**Exercise objective**
With the pictures left out, retype exactly the lines below starting at the line that contains "ご自分の住まいをリフォームす" and ending at the line that contains "Yeşil Basic Rahat".

########################################

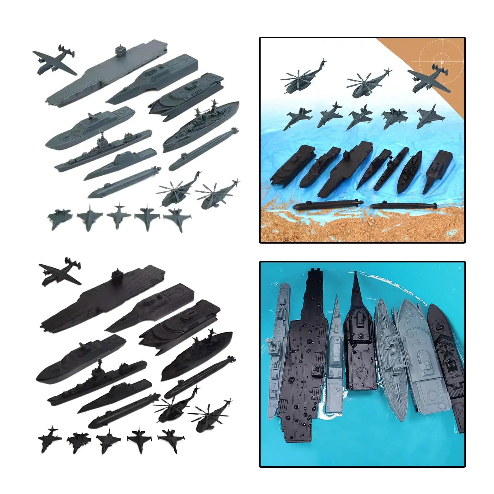 - The set includes a 19 cm (7.48 inch) naval ship, two 14 cm (5.51 inch) submarines, five fighter jets, one transporter, and two helicopters, emphasizing variety and detailed military modeling.
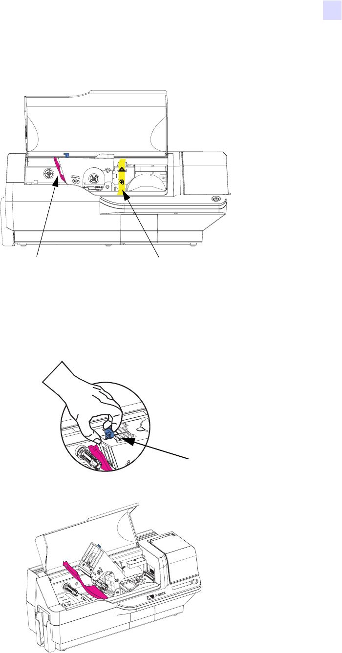 onto the take-up spindle. Make sure the ribbon comes off the top of the supply spindle and feeds to the top
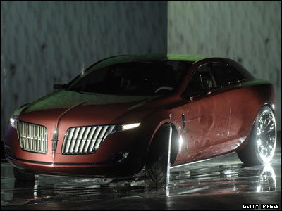 اتومبيل MKR از توليدات جديد شرکت لینکلن Lincoln که در روز افتتاحيه به صورت نمايشی حرکت می کرد
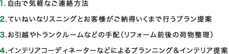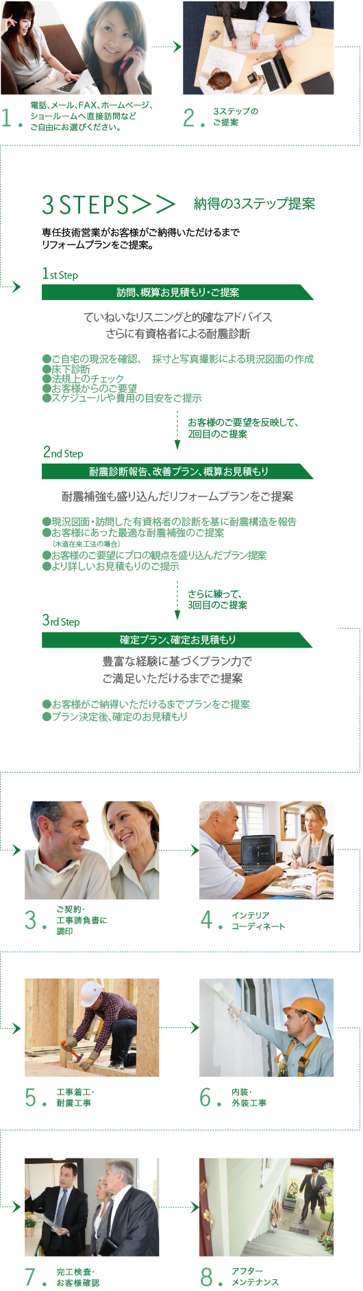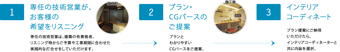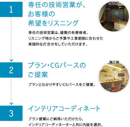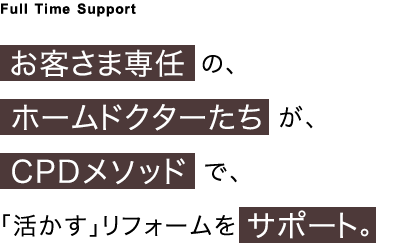 ご自分の住まいをリフォームすること、それは決して簡単ではない重要な決断です。私たちはまず、お客様とお客様の住まいを誰よりも好きになることからはじめ、納得できるリフォーム提案を行います。ご相談からお引渡しまで1人の専任技術営業が一貫して担当させていただくことで、誤解や行き違いのない、スピーディでクオリティの高いリフォームを行います。
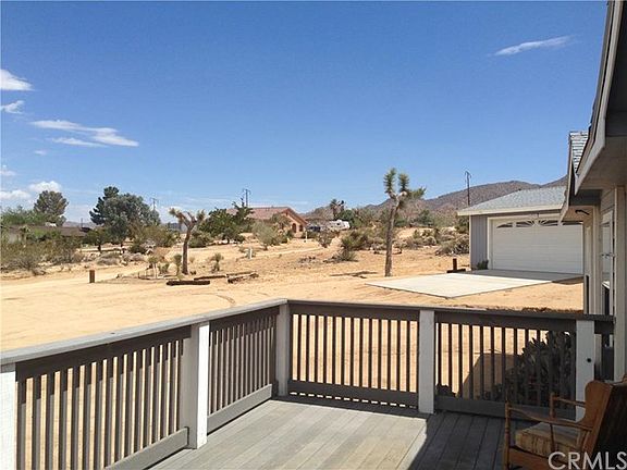 Large updated home on over 1 acre in scenic Joshua Tree! This home features over 1900 sq. ft. of living space. Large home that has fenced rear yard, separate 2 car garage, and large deck on front of house to enjoy morning coffee and those incredible unobstructed desert views. Home was recently updated with new interior paint and carpet. The interior features HUGE master bedroom with dual walk in closets, and a large ensuite with his and her sinks, and a full size walk in shower, and large oval soaking tub. The home has central HVAC system, and also a wood burning stove for the cold winter nights. Nestled on a quiet road with not too many neighbors, this could be the perfect place to call home. Turn key ready to set your furniture down and enjoy.
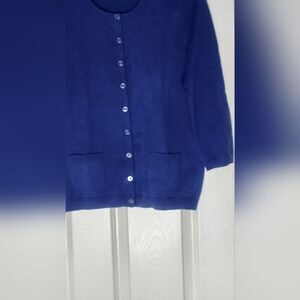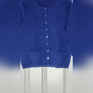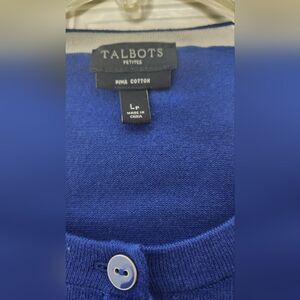This Talbots cardigan in a rich blue hue is a versatile addition to any wardrobe. Crafted with a classic design, it features a comfortable knit pattern and a traditional crew neckline. Ideal for layering, this sweater offers both warmth and style.
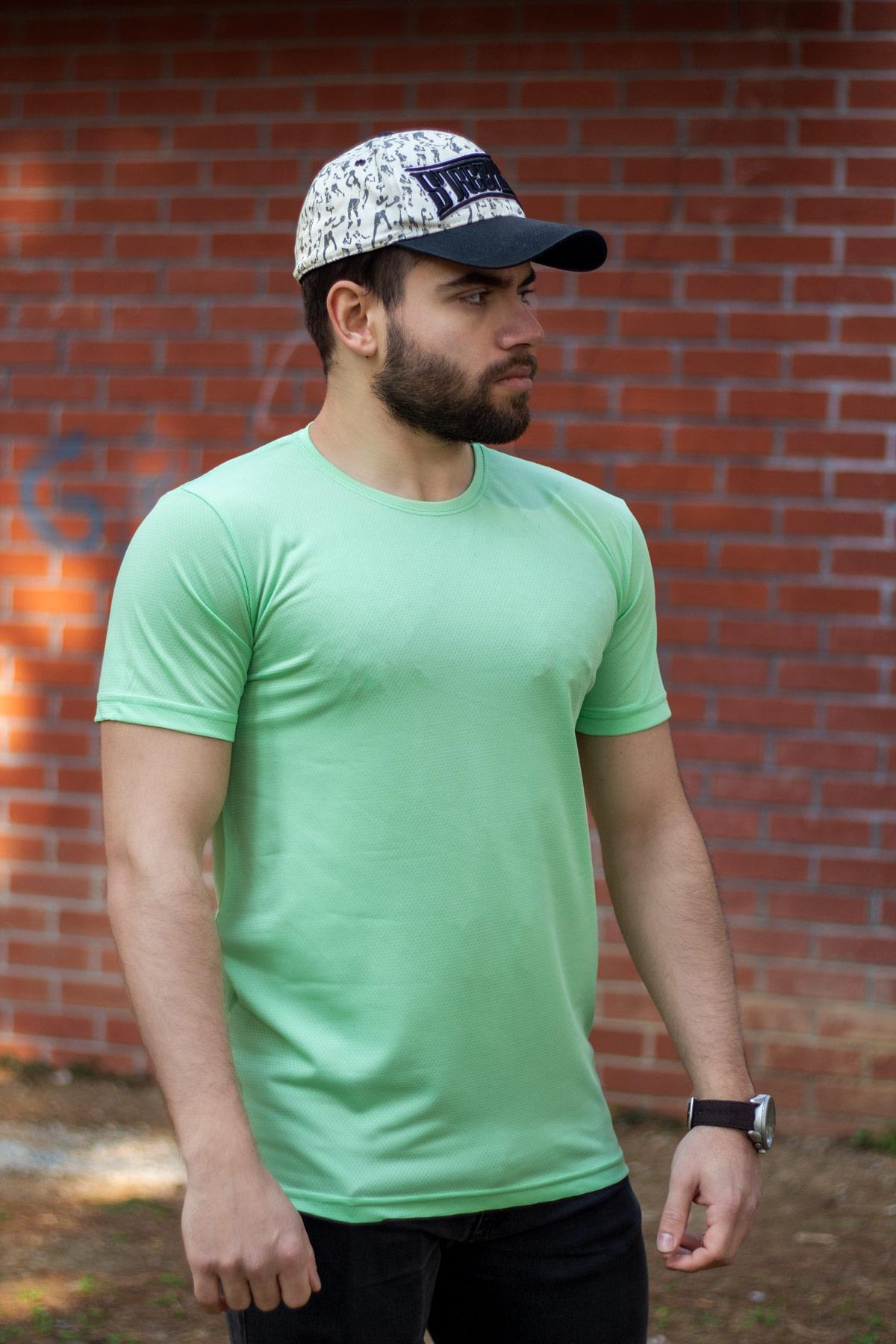 Yeşil Basic Rahat İnce Petek Kumaş Spor Erkek Tshirt 22ETSHPORT
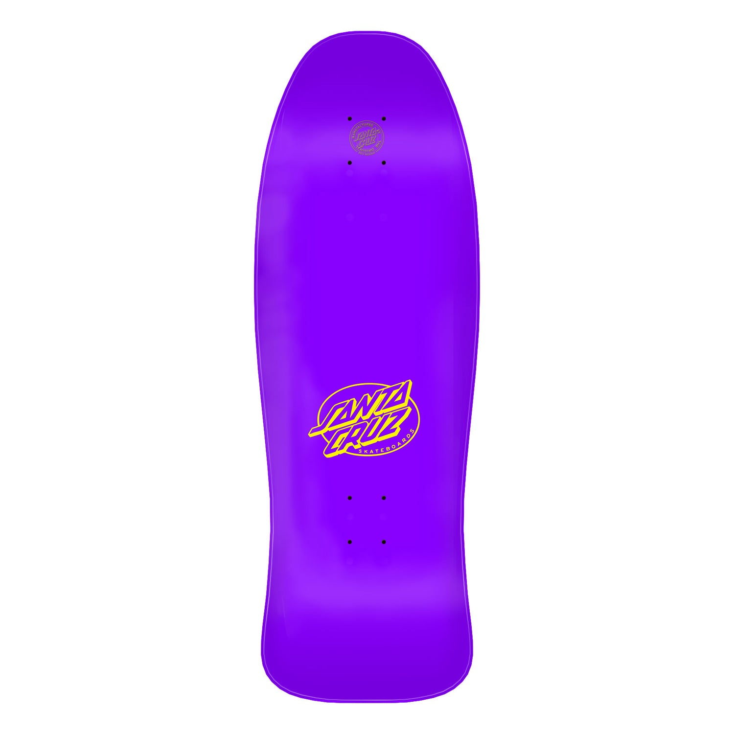 The Santa Cruz Skateboards Kendall Pumpkin Reissue deck features iconic Jeff Kendall Pumpkin artwork by Jim Phillips on a fully dipped matte purple deck, Jeff Kendall's classic Pumpkin reissue shape with a 15.125" wheelbase and Cruz Missile II Concave. This board measures 10" x 30.12" with a 14.125" wheelbase. 7 ply North American Maple pressed individually using epoxy - making a strong, responsive deck with long lasting pop and consistent concave and kick. Cruz Missile II concave is Santa Cruz's infamous tech concave from the 1980s with aggressive, multi-dimensional side to side concave and tail kick along with forward set rocker that comfortably lock in your feet in key areas for a completely unique riding experience - cruising the streets or skating transition on old school or shaped decks with longer tail than nose.
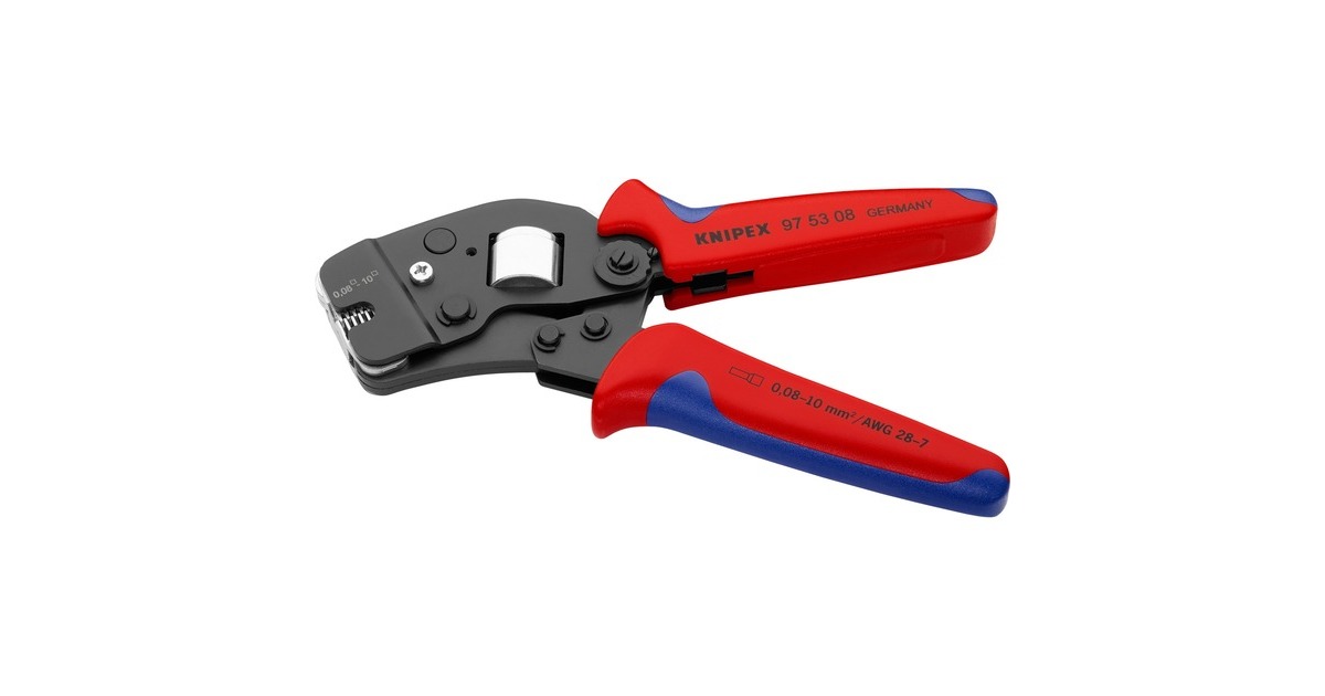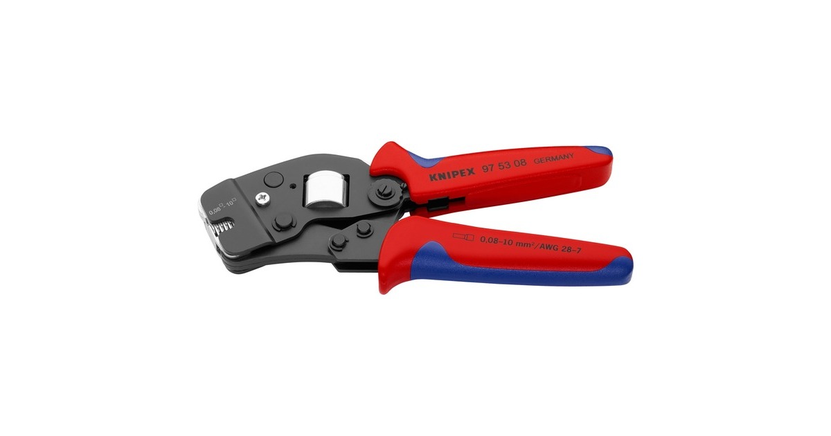Die selbsteinstellende Crimpzange 97 53 08 von Knipex eignet sich zum Verpressen von Aderendhülsen nach DIN 46228 Teil 1 + 4, sie verfügt über eine selbsteinstellende Anpassung auf die gewünschte Ader-Endhülsengröße, passend für alle Twin-Aderendhülsen bis 2 x 4mm² oder 2 x AWG 12. Sie ermöglicht die Verpressung von 0,08 bis 10mm² in einem Profil, die selbsteinstellende Anpassung auf die gewünschte Aderendhülsengröße vermeidet Crimpfehler durch Verwendung eines falschen Crimpeinsatzes. Die gleichbleibend hohe Crimpqualität wird durch eine Zwangssperre (entriegelbar) und werkseitig präzise eingestellten (kalibrierten) Crimpdruck gewährleistet. Zusätzlich überzeugt sie mit hohem Bedienungskomfort dank der Kraftverstärkung durch Kniehebel für ermüdungsarmes Arbeiten, die handliche Bauform und geringes Gewicht. Die kleine Crimpzange 97 53 08 entlastet den Fachmann und bietet sicheres, zuverlässiges und schnelles Vercrimpen. Die Griffe sind dank Mehrkomponenten-Hüllen besonders rutschsicher und komfortabel.Art.-Nr.: 1867142

########################################

**Output for this exercise**
 ご自分の住まいをリフォームすること、それは決して簡単ではない重要な決断です。私たちはまず、お客様とお客様の住まいを誰よりも好きになることからはじめ、納得できるリフォーム提案を行います。ご相談からお引渡しまで1人の専任技術営業が一貫して担当させていただくことで、誤解や行き違いのない、スピーディでクオリティの高いリフォームを行います。
 Large updated home on over 1 acre in scenic Joshua Tree! This home features over 1900 sq. ft. of living space. Large home that has fenced rear yard, separate 2 car garage, and large deck on front of house to enjoy morning coffee and those incredible unobstructed desert views. Home was recently updated with new interior paint and carpet. The interior features HUGE master bedroom with dual walk in closets, and a large ensuite with his and her sinks, and a full size walk in shower, and large oval soaking tub. The home has central HVAC system, and also a wood burning stove for the cold winter nights. Nestled on a quiet road with not too many neighbors, this could be the perfect place to call home. Turn key ready to set your furniture down and enjoy.
This Talbots cardigan in a rich blue hue is a versatile addition to any wardrobe. Crafted with a classic design, it features a comfortable knit pattern and a traditional crew neckline. Ideal for layering, this sweater offers both warmth and style.
 Yeşil Basic Rahat İnce Petek Kumaş Spor Erkek Tshirt 22ETSHPORT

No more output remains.